Moderna's COVID Vax Produces Antibody Responses 6 Months Later
— But neutralizing activity declined over time, and not equally among age groups
"Antibodies persisted 6 months after the second dose of Moderna's COVID-19 vaccine in younger and middle-age adults, but were diminished in older adults when using more sensitive assays, according to data from an ongoing phase I trial.
Antibody activity was high across groups at day 209, but assessment with a "live virus" neutralization test found geometric mean titers declined more over time in participants ages 56 and older compared with adults ages 18-55, reported Mehul Suthar, PhD, of Emory University School of Medicine in Decatur, Georgia, and colleagues in a correspondence piece in the New England Journal of Medicine.hey noted the durability of protection is currently unknown, and examined binding and neutralizing antibodies elicited by the Moderna COVID-19 vaccine in 33 healthy adult participants in an ongoing phase I trial, who were stratified by age. They measured responses at 180 days after the second dose of vaccine, or day 209, using three distinct serologic assays.

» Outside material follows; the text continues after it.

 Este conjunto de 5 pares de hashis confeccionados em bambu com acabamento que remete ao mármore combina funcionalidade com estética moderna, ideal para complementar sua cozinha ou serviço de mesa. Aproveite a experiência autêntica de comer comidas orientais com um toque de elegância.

Suthar's group found nearly all participants "had detectable activity in a pseudovirus neutralization assay," and all participants had detectable activity on the "more sensitive live-virus focus-reduction neutralization mNeon-Green test," but it was this assay for which geometric mean titers were lower in older adults compared with adults ages 18-55.

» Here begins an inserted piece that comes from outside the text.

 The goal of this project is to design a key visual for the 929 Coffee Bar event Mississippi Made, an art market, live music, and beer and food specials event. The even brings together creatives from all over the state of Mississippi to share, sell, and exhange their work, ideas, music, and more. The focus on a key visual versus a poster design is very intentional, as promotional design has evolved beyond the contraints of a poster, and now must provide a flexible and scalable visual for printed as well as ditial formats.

In that assay, neutralizing activity in the older groups declined approximately 10-fold at 6 months from the peak 14 days after the second vaccine dose; in those 18-55, activity was down by roughly half. But activity levels in the older groups remained more than 10-fold above pre-vaccination baseline at the 6-month mark.
The researchers estimated a half-life of binding antibodies of 52 days after day 43 for all participants using a model assuming a steady decay rate over time, and the neutralizing antibody half-life was 202 days for live-virus neutralization using a model that assumed decay rates decrease over time. The model with the steady decay rate was the best fit for binding, and the one with the decreasing decay rate was best for neutralization, which was "consistent with published observations of convalescent patients with COVID-19 through 8 months after symptom onset," Suthar and colleagues wrote.
Suthar and colleagues noted that "the antibody titers and assays that best correlate with vaccine efficacy are not currently known," and ongoing studies continue to monitor immune response beyond 6 months, as well as examine the impact of a potential booster dose against COVID-19 variants."